Table 4: Felis catus (cat) Insulin gene ORF’s.

The Homo sapiens (human) INS gene

The Homo sapiens (human) INS gene (Gene ID: 3630), Its cytogenetic position Ch38.p13, and composed of 1431 DNA bp (Figure 9) [19]. It’s comprised of 14 ORFs, disseminate on both strands (Figure 10). The total ORFs number on forward strand were 5, ranging from 69 bp to 408 bp, while the reverse strand shows 9 ORFs ranging from 33 bp to 297 bp (Table 5).

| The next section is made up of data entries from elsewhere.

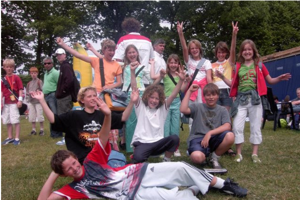
Het was hartstikke gezellig die busreis naar de Ordina Open!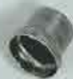
4065 Int. 22 Int. 32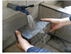
Gambar 2. Proses Perawatan Batako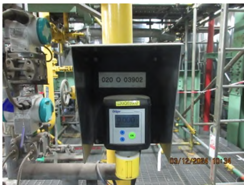
ภาพถ่ายที่ 2.2.2-55 ชุดอุปกรณ์เพื่อความปลอดภัยที่ติดตั้งกับเครื่องจักรในหน่วยฟอสจีน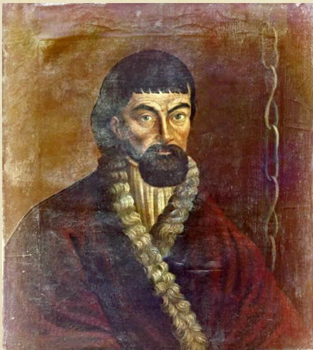
Емельян Иванович Пугачёв (1742–1775 гг.)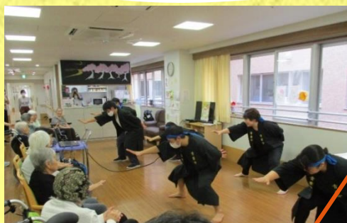
どっこいしょ～！ どっこいしょ～！ 超ノリノリ！ソーラン節！ 皆様も笑顔で拍手喝采！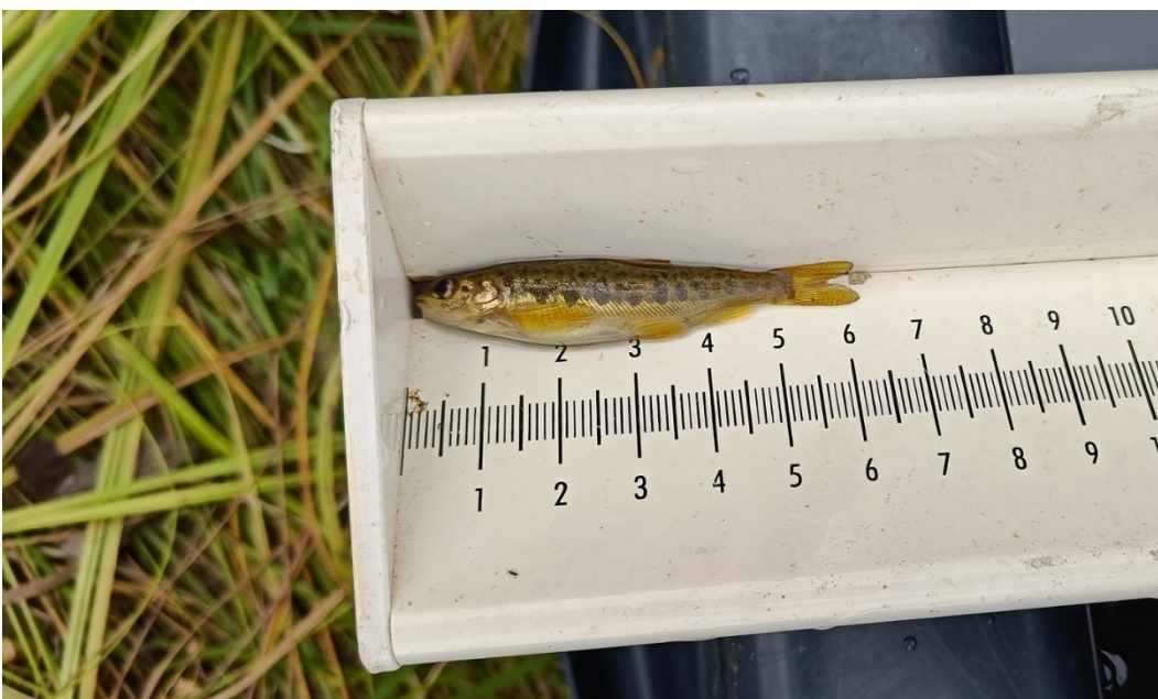
Kuva 7: lijoen sähkökoekalastuksissa saatu kesänvanha lohenpoikanen

Tavoite/tulos: Pienpoikasistutukset tukevat jokeen leimautuneiden lohi- ja meritaimenkantojen syntymistä.

Figure 9: The Homo sapiens (human) INS gene.

Figure 10: The Homo sapiens (human) INS gene ORF distribution.

Label	Strand	Frame	Start	Stop	Length (bp)
ORF1	+	1	496	903	408
ORF2	+	1	1812	1143	132
ORF3	+	2	239	553	315
ORF4	+	2	911	979	69
ORF5	+	2	1387	1429	123
ORF6	-	1	729	577	153
ORF7	-	2	1013	963	51
ORF8	-	2	827	726	102
ORF9	-	2	656	606	51
ORF10	-	2	497	201	297
ORF11	-	2	35	3	33
ORF12	-	3	1321	1106	216
ORF13	-	3	442	359	84
ORF14	-	3	148	65	84

Table 5: Homo sapiens (human) Insulin gene ORF’s.

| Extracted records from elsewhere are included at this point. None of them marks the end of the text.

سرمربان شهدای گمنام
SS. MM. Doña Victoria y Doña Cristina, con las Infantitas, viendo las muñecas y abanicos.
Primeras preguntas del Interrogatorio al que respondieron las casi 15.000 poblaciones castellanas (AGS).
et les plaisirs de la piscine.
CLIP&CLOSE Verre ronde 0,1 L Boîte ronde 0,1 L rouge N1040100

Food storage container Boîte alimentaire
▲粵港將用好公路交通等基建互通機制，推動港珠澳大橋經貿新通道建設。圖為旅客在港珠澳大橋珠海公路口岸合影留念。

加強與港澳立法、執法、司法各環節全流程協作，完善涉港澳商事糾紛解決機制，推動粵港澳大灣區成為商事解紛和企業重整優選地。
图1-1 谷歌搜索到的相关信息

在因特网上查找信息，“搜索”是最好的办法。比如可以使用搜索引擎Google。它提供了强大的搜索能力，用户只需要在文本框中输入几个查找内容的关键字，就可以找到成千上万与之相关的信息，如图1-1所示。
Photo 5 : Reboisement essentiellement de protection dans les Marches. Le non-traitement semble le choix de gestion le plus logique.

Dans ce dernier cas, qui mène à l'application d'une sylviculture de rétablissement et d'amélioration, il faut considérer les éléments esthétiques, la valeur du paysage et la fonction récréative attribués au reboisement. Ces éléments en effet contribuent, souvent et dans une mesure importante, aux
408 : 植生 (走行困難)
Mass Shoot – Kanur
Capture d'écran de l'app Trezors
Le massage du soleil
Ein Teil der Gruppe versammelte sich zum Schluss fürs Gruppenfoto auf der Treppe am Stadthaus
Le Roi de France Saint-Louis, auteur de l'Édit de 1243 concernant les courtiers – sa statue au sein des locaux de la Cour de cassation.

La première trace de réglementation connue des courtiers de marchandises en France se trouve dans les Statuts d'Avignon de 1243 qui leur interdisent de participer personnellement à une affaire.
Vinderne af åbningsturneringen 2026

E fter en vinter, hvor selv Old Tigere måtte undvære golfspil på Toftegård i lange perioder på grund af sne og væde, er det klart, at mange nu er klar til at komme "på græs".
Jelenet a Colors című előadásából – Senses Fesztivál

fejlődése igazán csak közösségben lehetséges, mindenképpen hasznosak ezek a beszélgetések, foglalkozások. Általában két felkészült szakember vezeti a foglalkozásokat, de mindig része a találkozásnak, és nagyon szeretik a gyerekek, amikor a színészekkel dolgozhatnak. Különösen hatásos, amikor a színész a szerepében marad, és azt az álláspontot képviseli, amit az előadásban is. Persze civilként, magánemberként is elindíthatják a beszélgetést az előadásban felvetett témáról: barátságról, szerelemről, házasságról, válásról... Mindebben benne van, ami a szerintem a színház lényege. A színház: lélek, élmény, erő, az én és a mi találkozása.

ORFs in Sus scrofa (pig) INS gene

The Sus scrofa (pig) INS gene (GeneID:397415), located on chromosome 2 and composed of 1211 DNA bp (Figure 11). It’s comprised of 11 ORFs, distributed on both strands (Figure 12) [20]. The total ORFs number on forward strand were 6, ranging from 72 bp to 330 bp, while the reverse strand shows 5 ORFs ranging from 39 bp to 315 bp (Table 6).

Figure 11: The Sus scrofa (pig) INS gene.

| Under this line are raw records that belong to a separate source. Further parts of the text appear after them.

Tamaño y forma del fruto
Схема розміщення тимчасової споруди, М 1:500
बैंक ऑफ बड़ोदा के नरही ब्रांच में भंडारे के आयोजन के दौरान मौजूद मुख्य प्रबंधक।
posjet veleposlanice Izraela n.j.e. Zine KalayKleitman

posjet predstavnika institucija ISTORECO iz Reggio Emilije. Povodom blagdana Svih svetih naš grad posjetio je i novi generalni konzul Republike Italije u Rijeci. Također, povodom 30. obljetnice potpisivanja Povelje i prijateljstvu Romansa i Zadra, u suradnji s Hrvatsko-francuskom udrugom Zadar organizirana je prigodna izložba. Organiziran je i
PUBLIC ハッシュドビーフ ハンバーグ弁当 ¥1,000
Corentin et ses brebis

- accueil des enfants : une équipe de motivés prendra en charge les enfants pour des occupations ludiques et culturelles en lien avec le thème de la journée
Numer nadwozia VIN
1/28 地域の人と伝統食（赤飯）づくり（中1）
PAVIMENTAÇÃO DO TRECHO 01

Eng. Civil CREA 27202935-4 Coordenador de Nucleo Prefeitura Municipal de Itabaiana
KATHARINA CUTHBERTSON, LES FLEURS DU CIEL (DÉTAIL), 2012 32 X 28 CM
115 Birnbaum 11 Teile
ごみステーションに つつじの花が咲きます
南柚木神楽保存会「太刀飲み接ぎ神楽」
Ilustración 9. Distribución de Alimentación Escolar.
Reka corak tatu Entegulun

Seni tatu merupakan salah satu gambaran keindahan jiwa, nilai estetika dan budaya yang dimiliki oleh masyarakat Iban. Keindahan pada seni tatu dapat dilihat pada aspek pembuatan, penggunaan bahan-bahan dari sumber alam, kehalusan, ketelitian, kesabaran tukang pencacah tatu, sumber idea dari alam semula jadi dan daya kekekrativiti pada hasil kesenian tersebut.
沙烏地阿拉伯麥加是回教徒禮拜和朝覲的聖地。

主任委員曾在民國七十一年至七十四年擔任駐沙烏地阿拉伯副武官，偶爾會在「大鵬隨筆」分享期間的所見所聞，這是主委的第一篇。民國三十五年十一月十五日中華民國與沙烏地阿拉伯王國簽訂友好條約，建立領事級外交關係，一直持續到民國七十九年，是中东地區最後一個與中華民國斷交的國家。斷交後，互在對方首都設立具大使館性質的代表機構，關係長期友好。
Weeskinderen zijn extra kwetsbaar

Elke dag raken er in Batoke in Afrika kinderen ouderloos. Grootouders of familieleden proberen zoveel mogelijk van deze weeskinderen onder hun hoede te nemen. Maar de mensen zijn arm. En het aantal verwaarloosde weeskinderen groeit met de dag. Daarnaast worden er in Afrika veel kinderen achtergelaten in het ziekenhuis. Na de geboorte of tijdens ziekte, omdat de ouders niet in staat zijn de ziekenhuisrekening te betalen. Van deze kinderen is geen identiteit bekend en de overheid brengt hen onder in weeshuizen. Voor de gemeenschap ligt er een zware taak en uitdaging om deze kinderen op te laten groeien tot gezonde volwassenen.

Figure 12: The Sus scrofa (pig) INS gene ORF distribution.

Label	Strand	Frame	Start	Stop	Length (bp)
ORF1	+	1	70	360	291
ORF2	+	1	874	993	120
ORF3	+	2	98	187	90
ORF4	+	3	30	101	72
ORF5	+	3	432	662	231
ORF6	+	3	831	1160	330
ORF7	-	1	1112	798	315
ORF8	-	2	862	659	204
ORF9	-	2	433	395	39
ORF10	-	2	313	182	132
ORF11	-	3	882	790	93

Table 6: The Sus scrofa (pig) Insulin gene ORF’s.

Conclusion

In this study, the highest ORFs were reported in Bos taurus (cattle) Insulin gene which scored 17 successive ORFs whereas the lowest score was reported in Cani’s lupus (dog) insulin gene which shows only 4 ORFs. Generally, the program fulfills the boundary limits as expected. We strongly recommend further work, consider detection of nested ORFs.